With the development of the Internet of Things and Big Data, data collection for specific objects is carried out from a number of different feature dimensions (Le & Ge, 2019). Time series therefore are mostly presented in the form of multivariate characteristics, such as in the fields of energy consumption forecasting (Luis M. Candanedo, Veronique Feldheim, & Deramaix, 2017), financial market prediction (Moews, Herrmann, & Ibikunle, 2018; Qin, Song, Cheng, Cheng, & Cottrell, 2017), environment forecasting (Zamoramartínez, Romeu, Botellarocamora, & Pardo, 2014), heart and brain signal analysis (Fernandez-Fraga, Aceves-Fernandez, Pedraza-Ortega, & Ramos-Arreguin, 2018), etc. Also, the current single-step prediction or short-term prediction of time series has limited application prospects in many fields, and the application of long-term prediction in various fields is more meaningful. For example, compared to predicting the value of the next moment, it makes more sense for expert and intelligent systems to predict weather or energy changes over a period of time.

However, long-term prediction of multivariate time series is still a challenging problem, which is mainly reflected in the feature representation and selection mechanism of spatio-temporal relationships between different series. Specifically, the three major challenges are presented in Fig. 1(c), which include representing and learning (1) the spatial correlations between different attributes at the same time, (2) the spatio-temporal relationships between different attributes at different times, and (3) the temporal relationships between different series (Monidipa & Ghosh, 2019; Qin, et al., 2017; Yunzhe, et al., 2018).

Although the time series prediction has attracted a wide attention in the research community, typical methods, e.g., autoregressive integrated moving average models (ARIMA) (Amini, Kargarian, & Karabasoglu, 2016), kernel methods (Jie & Zio, 2016), and RNN methods (Chen, Xin, She, & Min, 2017), mainly focus on solving one aspect of the dynamic spatio-temporal relationships. Hence, these methods are impossible to achieve accurate and robust long-term prediction of multivariate time series. Moreover, attention-based RNNs are used to effectively represent and learn temporal-spatial correlations in time series, but these methods are only successfully applied in single-step prediction and short-term prediction (Qin et al., 2017; Yuxuan, Songyu, Junbo, Xiuwen, & Yu, 2018). The first motivation of this paper, therefore, is to develop an excellent intelligent model for representing and learning the spatio-temporal relationship in time series, which can achieve accurate long-term prediction of time series and provide a reliable expert and intelligent system in the aforementioned fields.
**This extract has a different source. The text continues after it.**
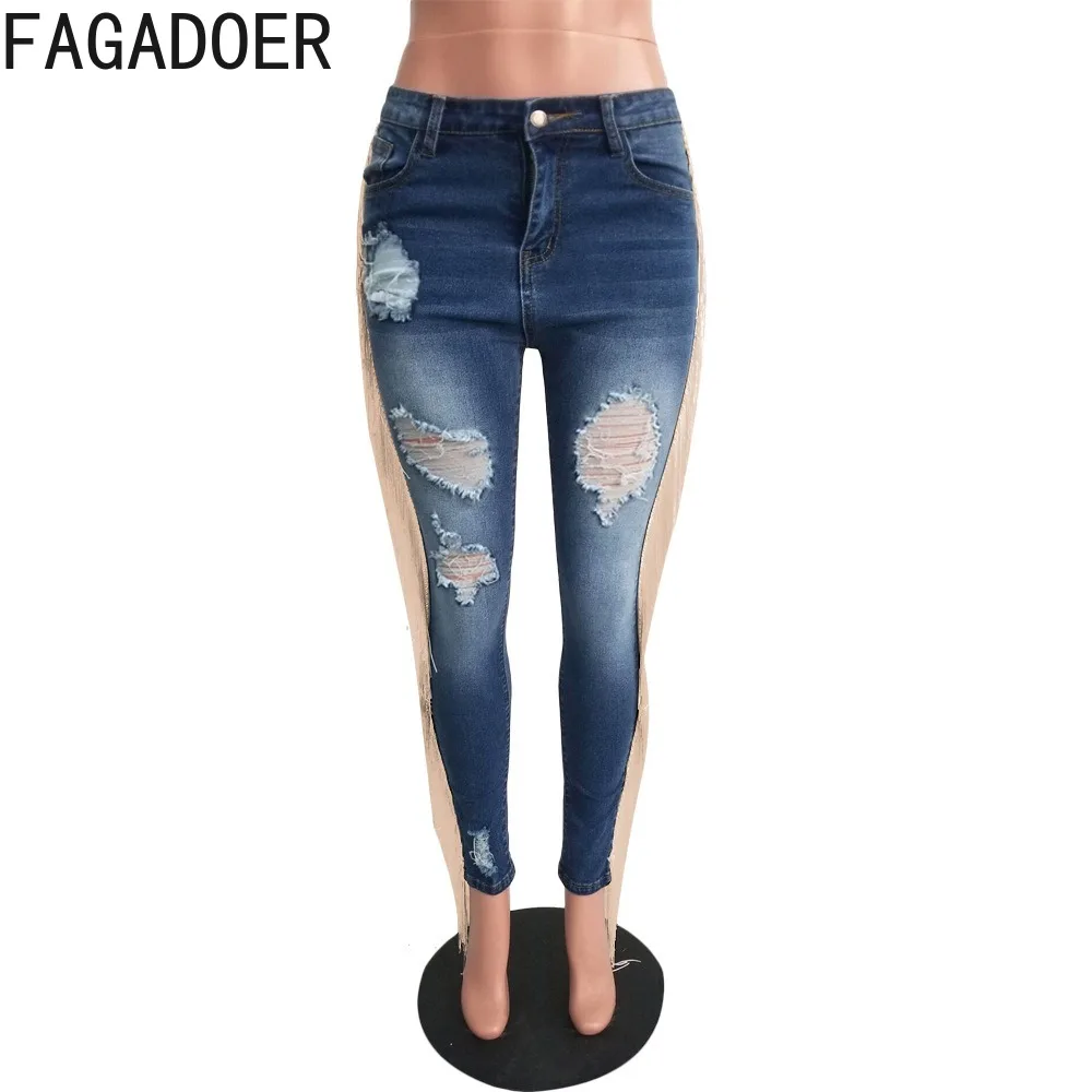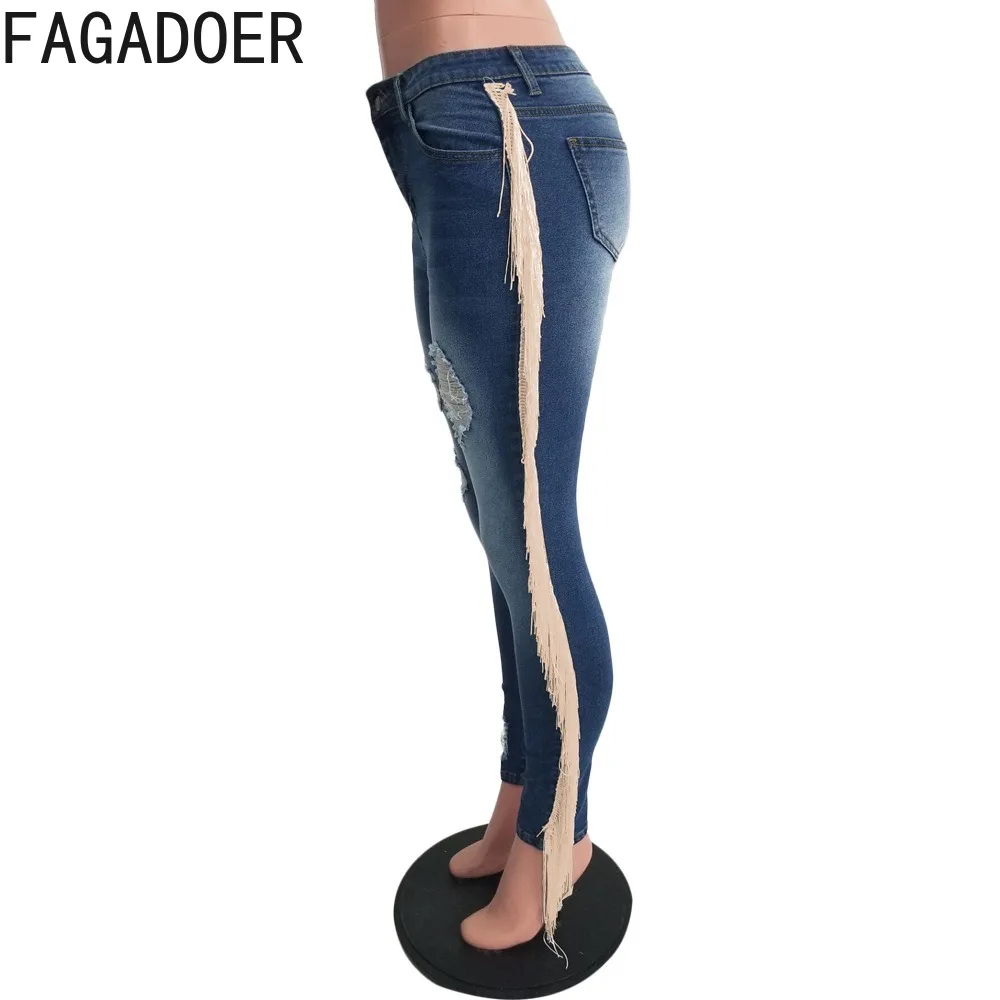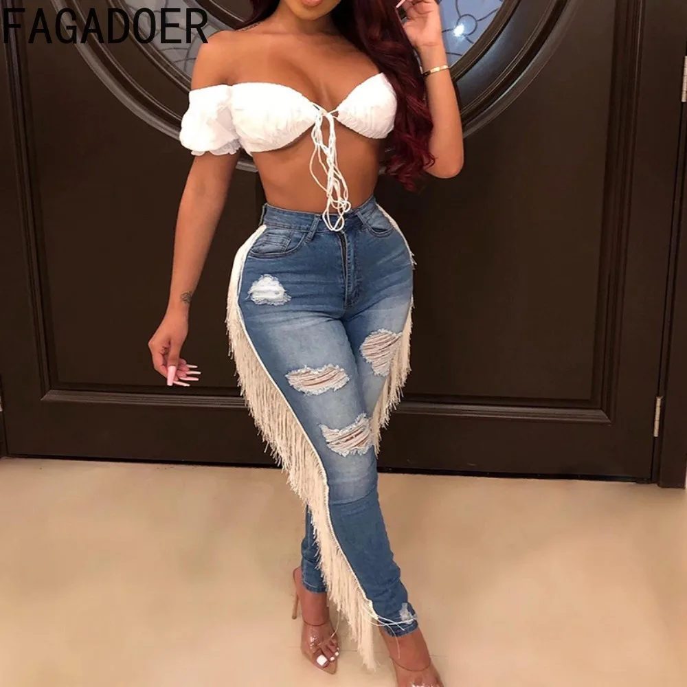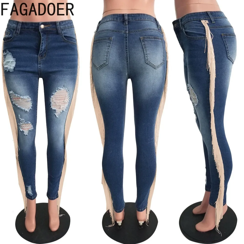 FAGADOER Fashion Denim Tassels Skinny Pants Women High Waisted Hole Pocket Jean Trousers Casual Female Solid Cowboy Streetwear

The proposed intelligent models are inspired by the DSTP model of human attention structures and the target and non-target information mechanism of human neuron signals (Ronald, Marco, & Carola, 2010). On the one hand, in the first stage of the DSTP model, the response in the first phase leads to violent but decentralized response, while it will produce stationary and concentrated response in the second phase (Ronald et al., 2010). When we design artificial neural network structures, the attention mechanism at different stages can be embodied in the two stages, i.e., the spatial attention and the temporal attention, and the attention mechanism at different phases can be reflected in the multiple filtering of spatial correlations in the spatial attention stage. Hence, we propose the DSTP-RNN model with dual-stage two-phase attention structure to learn more robust spatio-temporal relationships in time series. On the other hand, the stimulation of neuron signals shows that both target signals and non-target signals have a certain effect, and this is because perceptual filtering is imperfect (Ronald et al., 2010). In fact, the supervised dataset reconstruction of target series is the key to the application of traditional machine learning methods in time series prediction, which shows the importance of past information of target series. Meanwhile, the RNN method, which forecasts future values based on past values, also shows that the time dependency depends on its own past information. Therefore, we further develop the DSTP-RNN-Ⅱ model that pays more attention to the spatio-temporal relationships between target series and exogenous series.

Furthermore, the attention mechanism of human vision is a multi-layer neuron structure, which is widely used in the natural language processing (Vaswani et al., 2017) and computer vision (Li, Zeng, Shan, & Chen, 2018). Naturally, we study the deep attention mechanism in the spatial attention. Considering the development of the attention mechanism in deep learning, the second motivation of this paper is to study some novel attention structures suitable for representing and learning the spatio-temporal relationships in time series. Consequently, we study the hierarchical attention mechanism (DSTP-RNN), the hierarchical and parallel hybrid attention mechanism (DSTP-RNN-Ⅱ) and the deep attention mechanism (DeepAttn).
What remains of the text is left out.